Lucien Juanico, C.I.M., Paris,
25 mai 1982 © Michel Laplace
Le
trompettiste Lucien Juanico est décédé dans une maison de retraite à
Juan-les-Pins. Selon ses proches, l'isolement dû au confinement l'aurait
emporté... le lendemain de Michel Decourrière.
Lucien
Juanico a étudié la trompette à Alger auprès de Clément Perrin. Il m'avait
écrit: «J'ai débuté par le
classique, et par goût je me suis mis au jazz puis à la variété». Il
fréquente l'accordéoniste et chef d'orchestre à Radio-Alger, Lucien Attard
(1928-2007). C'est avant Attard et son ami trompette Jean-Pierre Balzano que
Lucien arrive à Paris. Il m'a dit avoir joué dans la Musique du 3e Régiment
d'Infanterie Coloniale. Il complètera ses connaissances trompettistiques à Paris
auprès de Raymond Sabarich. Dès 1951, il «fait le métier» en jouant pour les
chefs d'orchestre de variétés jazzy et de jazz comme Eddie Warner (1952),
Jacques Hélian, Michel Legrand, Jean-Claude Pelletier (1965), Fred Gérard
(1965, au Casino de Biarritz, avec Roger Guérin, Alex Renard, tp) et Raymond
Lefèvre. Il a travaillé au Lido et à
l'Olympia.
Je l'ai rencontré le 25 mai 1982, lors d'une répétition des
New Old Sharks de Fred Gérard au C.I.M. d'Alain Guerrini, à Paris.

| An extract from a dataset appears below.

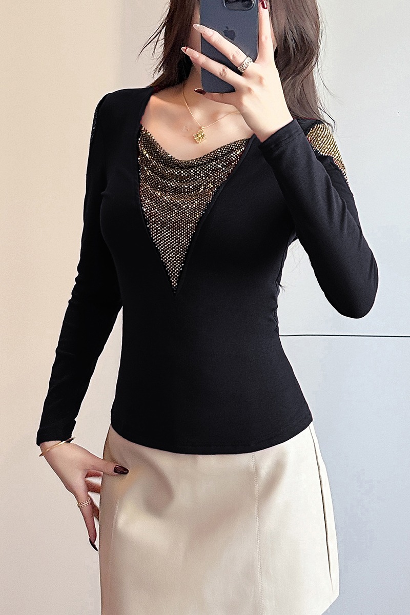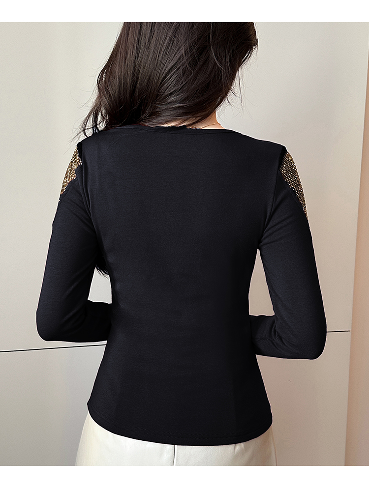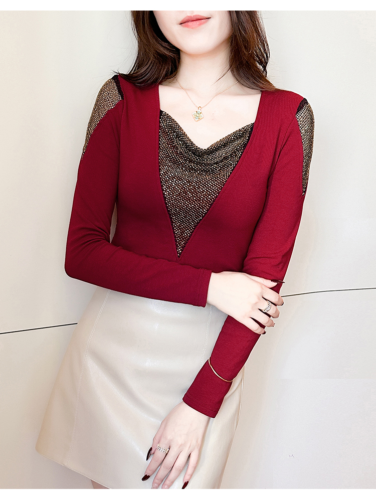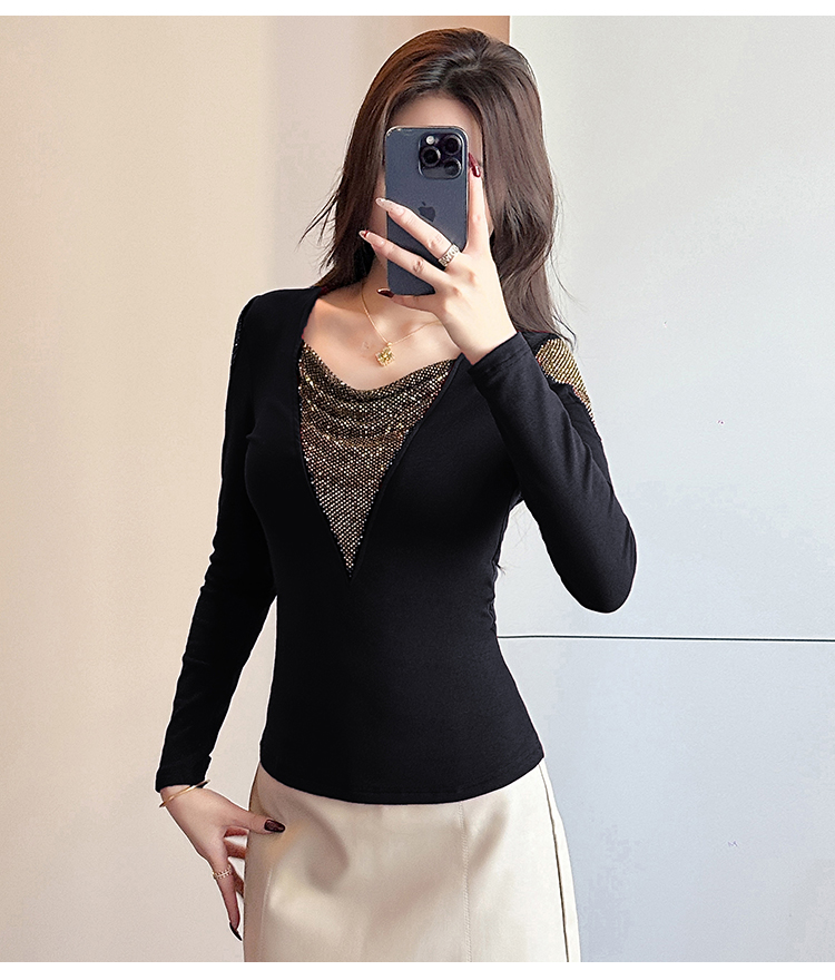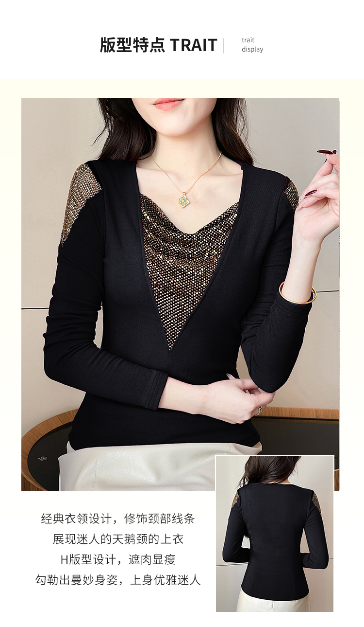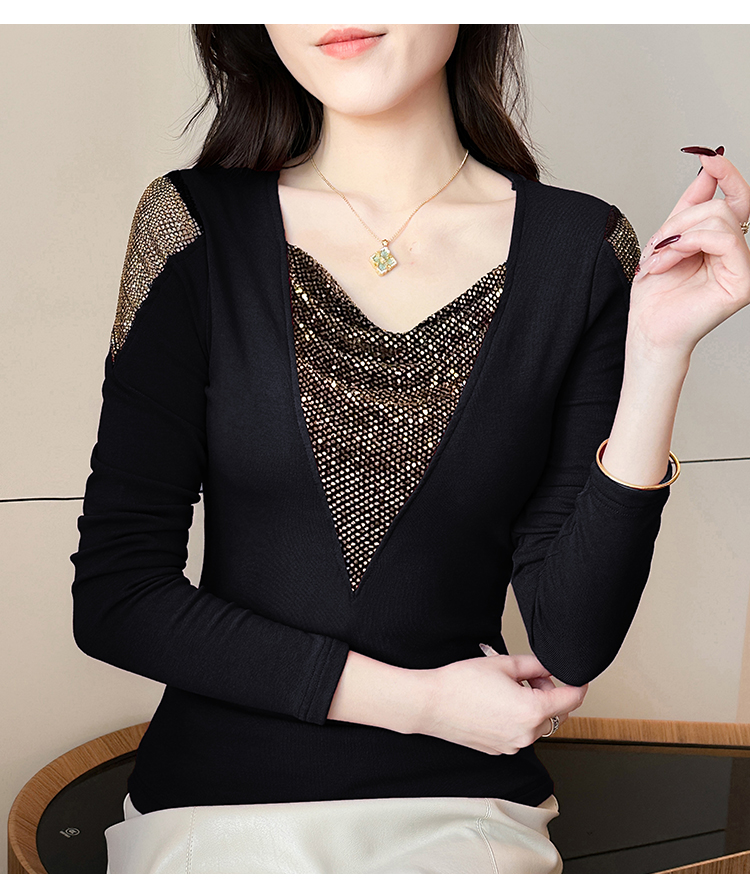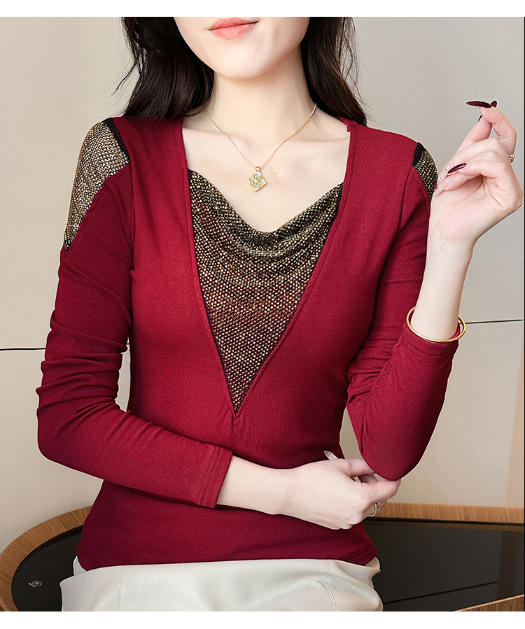 MY17631# 时尚高级感V领烫钻修身显瘦打底衫拼接洋气长袖女T恤女裝貨源服裝批發
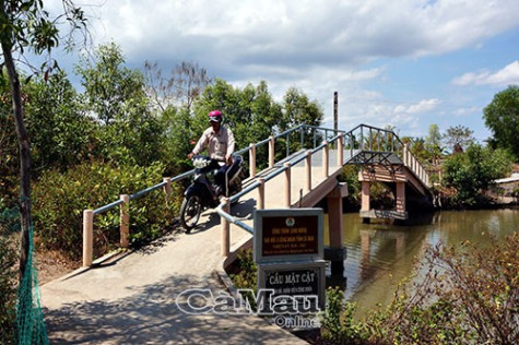 | Cầu Mật Cật được xây dựng từ nguồn quỹ đóng góp tự nguyện của cán bộ, CNVC-LĐ trên địa bàn huyện. |

Il y
remplaçait Roger Guérin pour le travail de section, laissant la section
rythmique seule dans les espaces de solos (j'ai comblé le trou dans «My Blue
Heaven»). Charly Hernandez était au sax ténor tandis que le reste de la section
outre Fred et lui, comprenait Michel Delakian et Jean Baissat. On le voyait
encore à la télévision en mars 1992, avec Ben & sa Tumba.
Il s'est retiré à
Juan-les-Pins où il fut le voisin de son ami Jean-Pierre Balzano. Son épouse
était la chanteuse Paola. Lucien Juanico a enregistré pour André Persiani
(1955, 1958, orthographié à l'époque «Persiany»), Christian Chevallier (1955), Dany Doriz (mai 1966, arrangements
de Gérard Poncet, avec Fred Gérard, Pierre Sellin, tp, Gaby Vilain, tb, Denis
Fournier, as, Dominique Chanson, ts, Alphonse Masselier, b, Marcel Blanche, dm,
EP Homère), les Trumpet Brothers de Jacques Jay (1961-65, avec Jean-Pierre
Balzano, tp, Marc Steckar, tb, Harry Perret, ts, Véga) et sous son nom (1966,
«OK Big Bill», 45-tours Homère 1011, notamment).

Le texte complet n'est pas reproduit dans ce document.